Kyoto University identifies new regulator in iron metabolism in mice

Kyoto University


IMAGE: Kyoto University researchers identify Regnase-1, a gene previously thought to prevent autoimmune disease, as a key regulator in iron metabolism. view more 

Credit: Kyoto University

Kyoto, Japan -- Maintaining a good balance of iron in the body is necessary for health: too little can lead to anemia, but too much can cause debilitating disorders such as hemochromatosis.

The uptake and metabolism of iron in the body is one of the most tightly-controlled systems in mammals. Iron 'regulation' occurs at multiple levels, from controlling gene expression to degrees of protein synthesis, but some key factors have yet to be uncovered.

As described recently in Cell Reports, Kyoto University researchers have now identified a specific gene -- initially known to prevent autoimmune diseases -- as a key regulator in iron uptake.

"We found previously that when mice lack the gene Regnase-1 they suffer from severe autoimmune diseases and anemia," explains first author Masanori Yoshinaga.

"At first, we assumed that anemia was a secondary effect, but after detailed analysis we found that the two symptoms develop independently."

Continued study of mice with a Regnase-1 mutation revealed a functional defect in the principle site for iron absorption in the body, the duodenum, which is the first section of the small intestine, coming directly after the stomach.

"The next step was to find the role of Regnase-1 in iron-uptake maintenance.
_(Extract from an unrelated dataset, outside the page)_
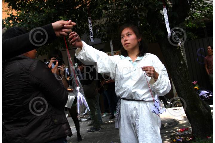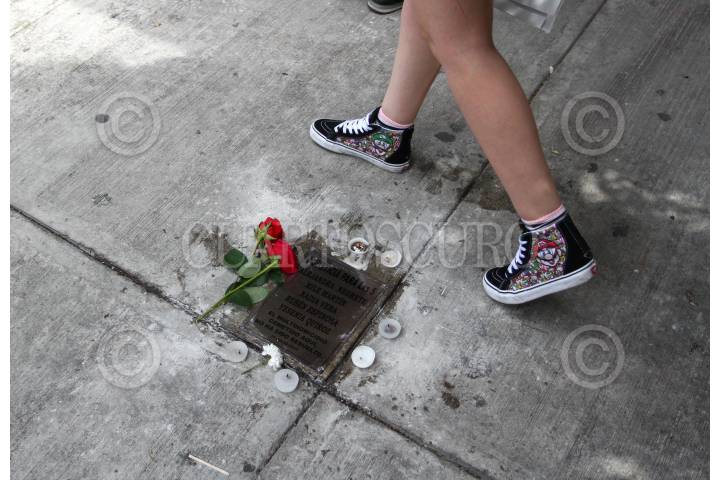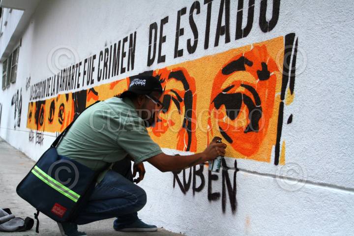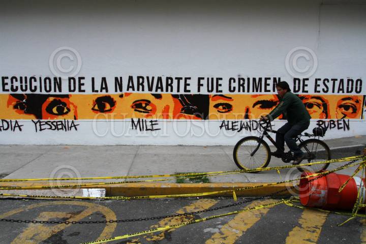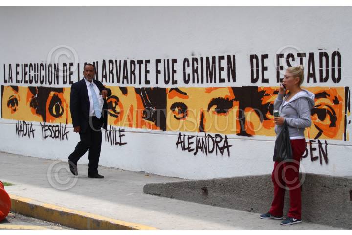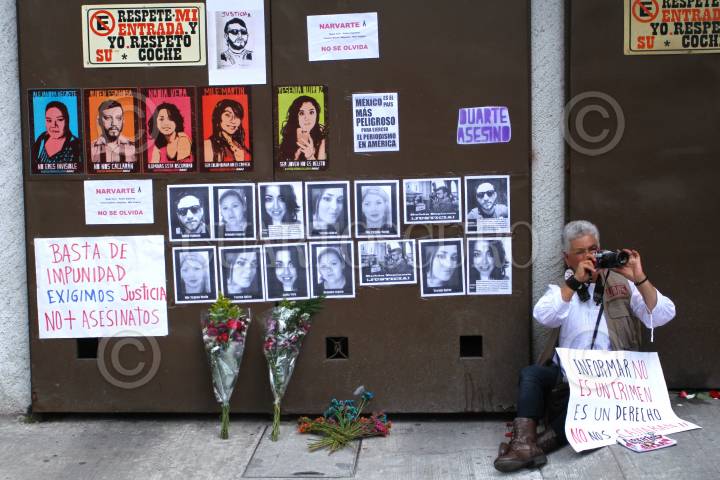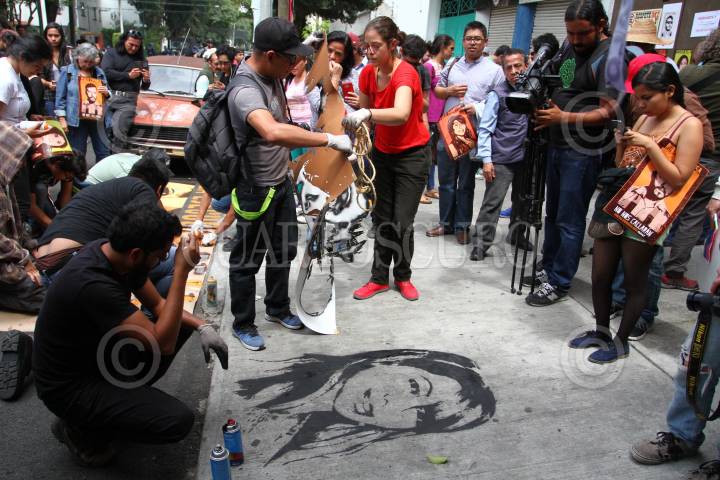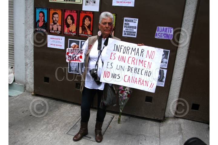 CIUDAD DE MÉXICO, 31JULIO2016.- Organizaciones de periodistas y de Derechos Humanos realizaron una manifestación frente a la vivienda 1909 de Luz Saviñon, en la colonia Narvarte, al cumplirse un año del multihomicidio en el cual fueron asesinados Rubén Espinoza, fotoperiodista colaborador de Cuartoscuro y la revista Proceso; Nadia Vera, activista de derechos humanos; Yesenia Quiroz; Mile Martí; Alejandra Negrete. FOTO: ADOLFO VLADIMIR /CUARTOSCURO

We started by looking at the most important iron-uptake gene, Transferrin Receptor 1, or TfR1," continues Yoshinaga.

"Our results showed that Regnase-1 degrades the mRNA of TfR1, thereby inhibiting the synthesis of the TfR1 protein, and additionally that it likely regulates other important iron-controlling genes."

"Further analysis of Regnase-1 in iron-related homeostasis," concludes team leader Osamu Takeuchi, "may provide insight into the mechanisms causing anemia and other iron-related disorders, perhaps eventually leading to new methods of treatment."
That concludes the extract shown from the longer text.